NPL = Natural Language Processing, common in AI

PyTorch has a Transformer class that allows you to define the overall parameters of a transformer model - the number of attention heads, the number of encoder & decoder layers, dropout and activation functions, etc.

documantation to Transformers: https://pytorch.org/docs/stable/nn.html#transformer-layers

and tutorial: https://pytorch.org/tutorials/beginner/transformer_tutorial.html

# Other Layers and Functions

### Data manipulation Layers
There are other layer types that perform important functions in models, but don't participate in the learning process themselves.

- Max pooling(and its twin, min pooling) reduce a tensor by combining cells, and assigning the maximum value of the input cells o the output cell

In [None]:
# for example
my_tensor = torch.rand(1, 6, 6)
print(my_tensor)

maxpool_layer = torch.nn.MaxPool2d(3)
print(maxpool_layer(my_tensor))

print(f'My_tensor: {my_tensor.shape} | Maxpool: {maxpool_layer(my_tensor).shape}')

tensor([[[0.9032, 0.9015, 0.3176, 0.0506, 0.4068, 0.3693],
         [0.8099, 0.7067, 0.5140, 0.2802, 0.4934, 0.7527],
         [0.1873, 0.1097, 0.0329, 0.4705, 0.7273, 0.7777],
         [0.2521, 0.2762, 0.2899, 0.4091, 0.1444, 0.9342],
         [0.0169, 0.6084, 0.0200, 0.3301, 0.5943, 0.0153],
         [0.1782, 0.2835, 0.1359, 0.5681, 0.1155, 0.8131]]])
tensor([[[0.9032, 0.7777],
         [0.6084, 0.9342]]])
My_tensor: torch.Size([1, 6, 6]) | Maxpool: torch.Size([1, 2, 2])


Each of the values in the maxpooled output is the maximum value of each quadrant of the 6x6 input.

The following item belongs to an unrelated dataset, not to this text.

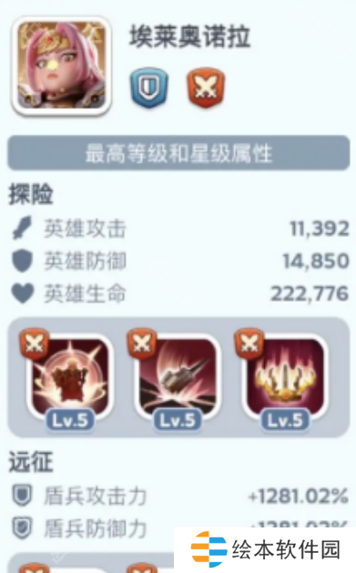 埃莱奥诺拉以烈日之焰般的攻势挫敌锐气。其率领的盾兵每5次攻击,我军全体部队造成的伤害提升5%,受到的伤害降低5%,持续2回合

- Normalization layers = re-center and normalize the output of one layer before feeding it to another. Centering the and scaling the intermediate tensors has a number of beneficial effects, such as letting you use higher learning rates without exploding/vanishing gradients.

In [None]:
my_tensor = torch.rand(1, 4, 4) * 20 + 5
print(my_tensor)

print(my_tensor.mean())

norm_layer = torch.nn.BatchNorm1d(4)
normed_tensor = norm_layer(my_tensor)
print(normed_tensor)

print(normed_tensor.mean())

tensor([[[ 7.9611,  8.7461, 17.5208,  9.4717],
         [14.7659,  7.1994,  7.6848, 10.2895],
         [ 6.7386, 17.0155, 16.3440, 13.5909],
         [19.6604, 15.5439, 17.4119, 20.3279]]])
tensor(13.1420)
tensor([[[-0.7707, -0.5666,  1.7153, -0.3779],
         [ 1.5937, -0.9285, -0.7667,  0.1015],
         [-1.6436,  0.8836,  0.7185,  0.0415],
         [ 0.7525, -1.4223, -0.4354,  1.1051]]],
       grad_fn=<NativeBatchNormBackward0>)
tensor(6.7055e-08, grad_fn=<MeanBackward0>)


The normalized tensors is a smaller number, grouped aroud zero. This is beneficial because many activation functions have their strongest gradients near 0, but sometimes suffer from vanishing or exploding gradients for inputs that drive them far away from zero

- Dropout Layers = are a tool for encouraging sparse representations in your model - that is, pushing it to do inference with less data.

Dropout layers work by randomly setting parts of the input tensor during training - dropout layers are always turned off for inference. This forces the model to learn against this masked or reduced dataset. For example:

In [None]:
my_tensor = torch.rand(1, 4, 4)

dropout = torch.nn.Dropout(p=0.4)
print(dropout(my_tensor))
print(dropout(my_tensor))

tensor([[[0.0000, 0.2500, 0.9918, 1.6259],
         [1.0676, 0.4539, 0.2993, 0.0000],
         [0.0000, 1.4900, 1.2566, 1.2189],
         [1.2045, 0.0000, 0.3699, 1.1011]]])
tensor([[[0.4019, 0.2500, 0.9918, 0.0000],
         [1.0676, 0.0000, 0.2993, 0.0000],
         [0.2511, 1.4900, 0.0000, 1.2189],
         [0.0000, 1.4670, 0.0000, 0.0000]]])


#  Activation Functions

Activation function make deep learning possible. A neural network is a program with many parameters that simulates mathematical function.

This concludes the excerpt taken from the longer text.